# [GIVEN RECORDS]
▬▬▬
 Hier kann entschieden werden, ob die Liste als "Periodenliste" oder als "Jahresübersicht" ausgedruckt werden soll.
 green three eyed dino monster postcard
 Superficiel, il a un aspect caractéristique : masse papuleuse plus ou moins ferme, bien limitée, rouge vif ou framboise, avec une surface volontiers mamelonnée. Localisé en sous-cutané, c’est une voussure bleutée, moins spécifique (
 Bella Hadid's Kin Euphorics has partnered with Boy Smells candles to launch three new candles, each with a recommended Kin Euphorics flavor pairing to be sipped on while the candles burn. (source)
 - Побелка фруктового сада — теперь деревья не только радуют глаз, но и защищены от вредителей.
▬▬▬
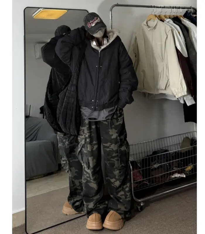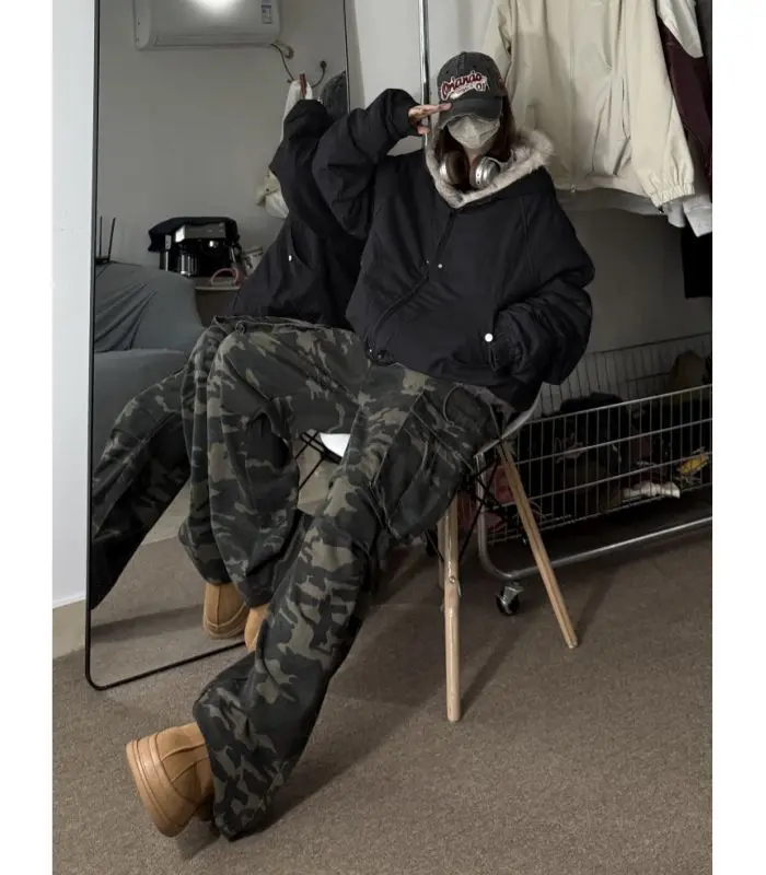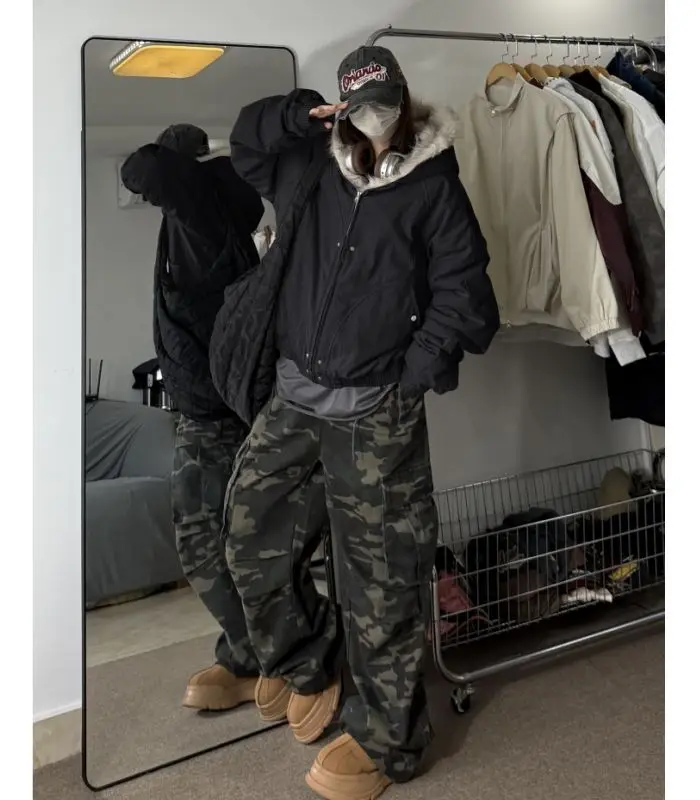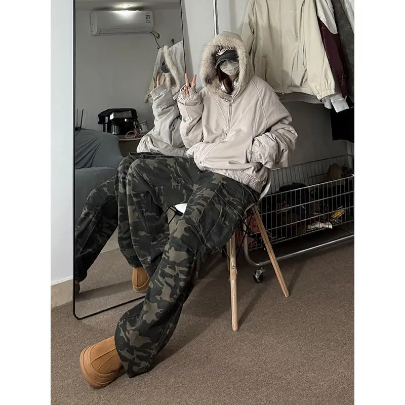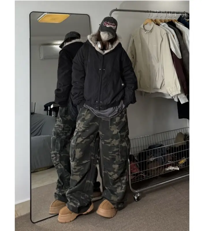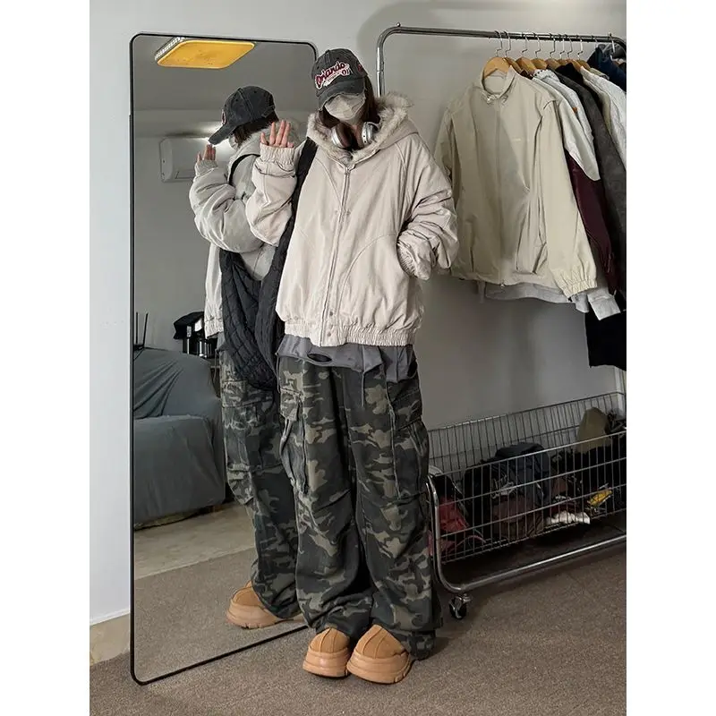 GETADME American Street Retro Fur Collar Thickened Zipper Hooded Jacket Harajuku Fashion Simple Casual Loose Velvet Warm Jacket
▬▬▬
# [YOUR OBJECTIVE]
Once you find the line with "Hier kann entschieden" in the entries above, output it and each line after it up to and including the line with "- Побелка фруктового", and nothing else.

# [RESPONSE TO THIS EXERCISE]
 Hier kann entschieden werden, ob die Liste als "Periodenliste" oder als "Jahresübersicht" ausgedruckt werden soll.
 green three eyed dino monster postcard
 Superficiel, il a un aspect caractéristique : masse papuleuse plus ou moins ferme, bien limitée, rouge vif ou framboise, avec une surface volontiers mamelonnée. Localisé en sous-cutané, c’est une voussure bleutée, moins spécifique (
 Bella Hadid's Kin Euphorics has partnered with Boy Smells candles to launch three new candles, each with a recommended Kin Euphorics flavor pairing to be sipped on while the candles burn. (source)
 - Побелка фруктового сада — теперь деревья не только радуют глаз, но и защищены от вредителей.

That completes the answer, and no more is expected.